Top of Provided data

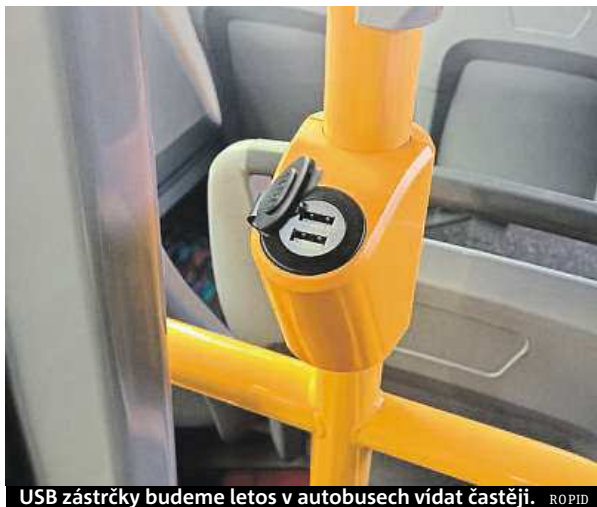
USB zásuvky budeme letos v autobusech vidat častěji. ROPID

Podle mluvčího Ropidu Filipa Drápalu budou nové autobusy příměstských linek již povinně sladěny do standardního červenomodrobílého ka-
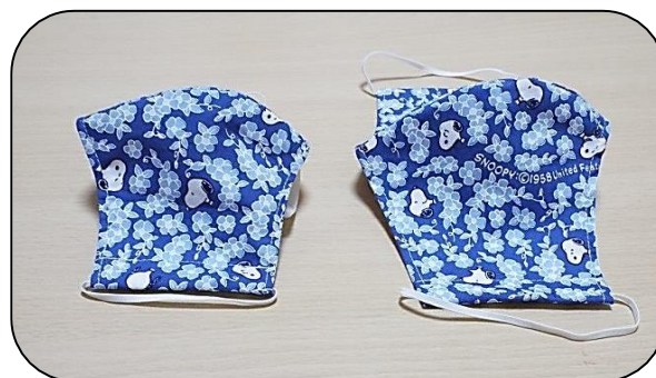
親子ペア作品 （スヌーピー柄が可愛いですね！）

Bottom of Provided data

(What is needed)
Send back the listing exactly as it stands. Do not include the pictures.

(Solved exercise)
USB zásuvky budeme letos v autobusech vidat častěji. ROPID

Podle mluvčího Ropidu Filipa Drápalu budou nové autobusy příměstských linek již povinně sladěny do standardního červenomodrobílého ka-
親子ペア作品 （スヌーピー柄が可愛いですね！）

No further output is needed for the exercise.